Simple caret installation

# caret simple installation with most methods attached
install.packages("caret", dependencies = c("Imports", "Depends", "Suggests"))

Using the "simple caret installation" has two caveats, for example under WINDOWS when using the Microsoft CRAN mirror from REVO the caret version is usually behind the official CRAN mirror. Although the simplified version will install over 330 packages not all true dependencies will be covered. Many additional 200 packages such a Boruta will ask at run-time to be loaded and then the user has to enter 0 or 1. This can become quite annoying during long runs of all 200 methods or after package updates.

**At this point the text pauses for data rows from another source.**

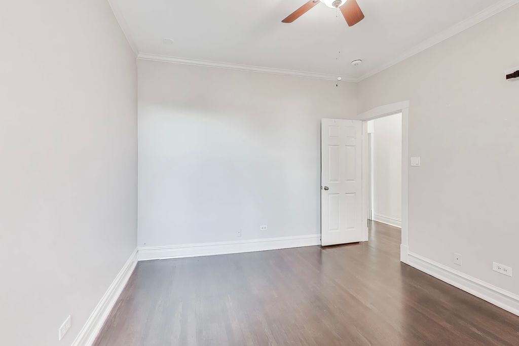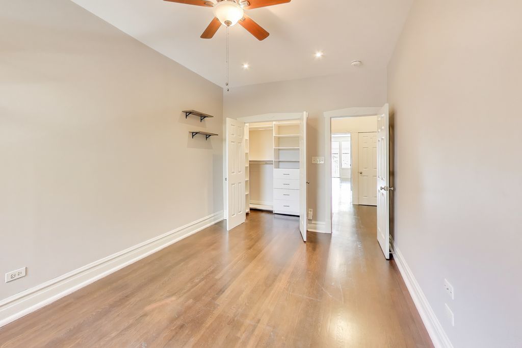 Southport Corridor/Graceland West / Top Floor / 2 Bedroom / +Den / +Office on a beautiful tree-lined street. Flooded with light, this home features hardwood floors throughout, new central AC & heat (2024), new side-by-side washer & dryer (2024), updated kitchen (2019), custom closets (2024), dishwasher (2024) and many additional upgrades. The large living room and den are linked to the dining room and kitchen, ideal for entertaining. The spacious bedrooms, with ample closet space, are separated by the central hallway. The expansive back deck, accessible from both the dining area and the mudroom, offers abundant natural light and impressive views of downtown. This home is walkable to Southport and Wrigleyville, brown and red line trains and so much more. Additional storage and bike room in the lower level.
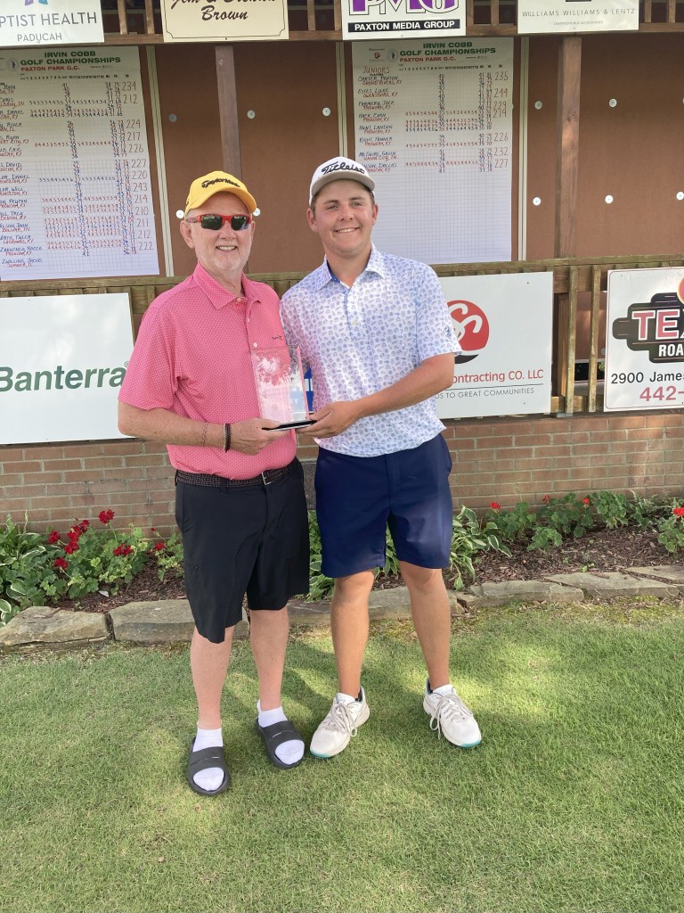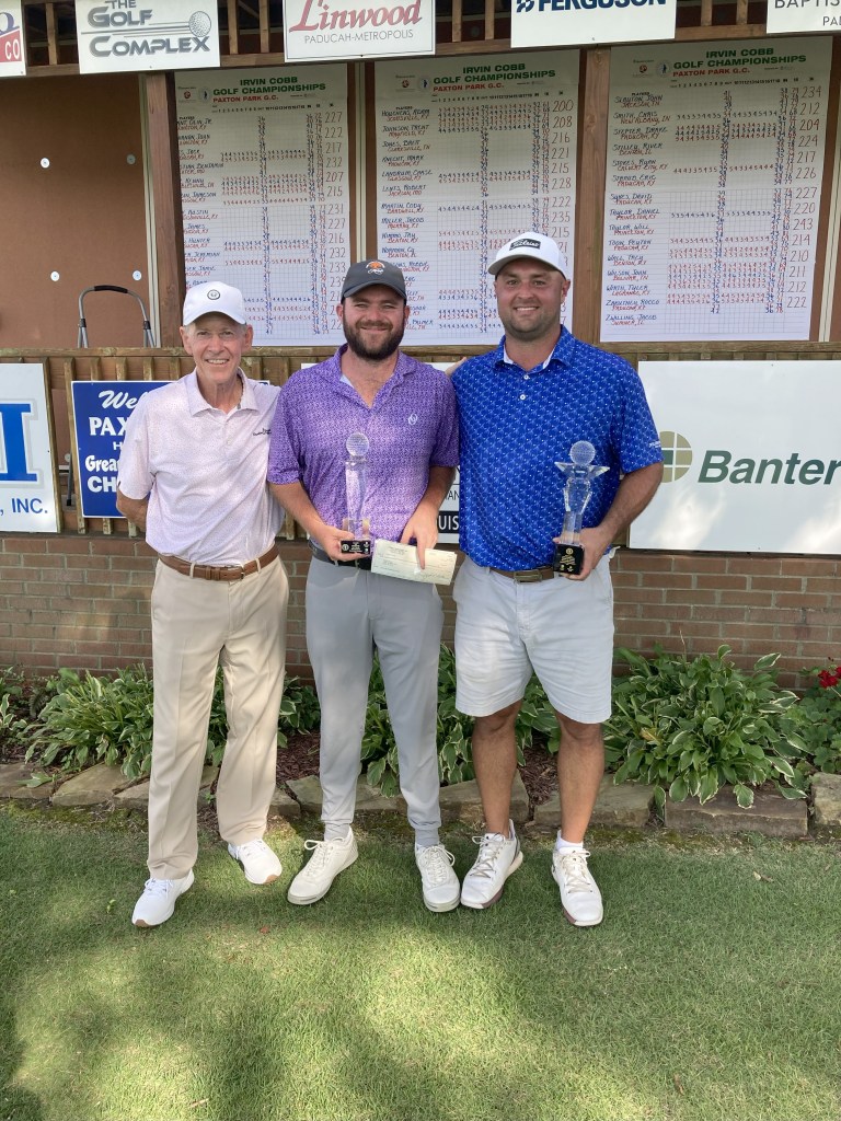 2025 Irvin Cobb Champions:  Top picture–Mayor George Bray presenting Low Junior trophy to Landon Hunt of Paducah.  Bottom Picture–PGA Tournament Director Danny Mullen, Professional Champion Graham McAree of Fishers, IN and Amateur Champion Adam Houchens from Scottsville, KY.
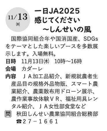 | おしごと体験キッズマルシェ※事前予約が必要なブースあり | 仙北市・角館交流センター | 2025/11/23(日) |
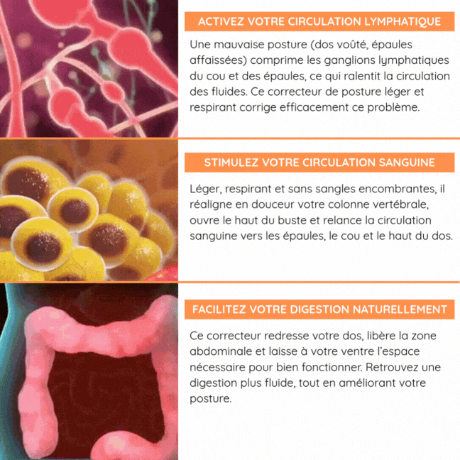 Notre correcteur de posture intelligent ne se contente pas de redresser votre dos : grâce à ses micro-stimulations ciblées, il active le système nerveux et favorise une meilleure dépense énergétique au quotidien.
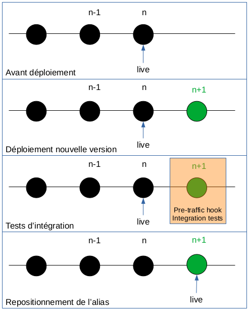 . Cependant, avant de rediriger le traffic vers cette version, nous avons configuré l'éxécution de tests automatisés. Si jamais les tests échouent, l'alias n'est pas repositionné sur la nouvelle version et le traffic n'est donc pas redirigé.

Comfort caret installation

# installs most of the 340 caret dependencies and
# caret book + seven commonly used but not all of them
mostP <- c("caret", "AppliedPredictiveModeling", "ggplot2", 
		"data.table", "plyr", "knitr", "shiny", "xts", "lattice")
install.packages(mostP, dependencies = c("Imports", "Depends", "Suggests"))
require(caret); sessionInfo();

The comfort mode installs the libraries from the caret book and the seven most commonly libraries. It is for those who just want to run a few rf and knn models but are not seriously interested in trying all 200 methods, ensembles, bags and other methods.


deLuxe caret installation

# deLuxe setup of caret package with allmost all 765 required caret libraries 
# https://github.com/tobigithub/caret-machine-learning
# Tobias Kind (2015)

# 1) load caret packages from BioConductor, answer 'n' for updates
source("http://bioconductor.org/biocLite.R")
biocLite()
biocLite(c("arm", "gpls", "logicFS", "vbmp"))
 
# 2) installs most of the 340 caret dependencies + seven commonly used ones
mCom <- c("caret", "AppliedPredictiveModeling", "ggplot2", 
                "data.table", "plyr", "knitr", "shiny", "xts", "lattice")
install.packages(mCom, dependencies = c("Imports", "Depends", "Suggests"))     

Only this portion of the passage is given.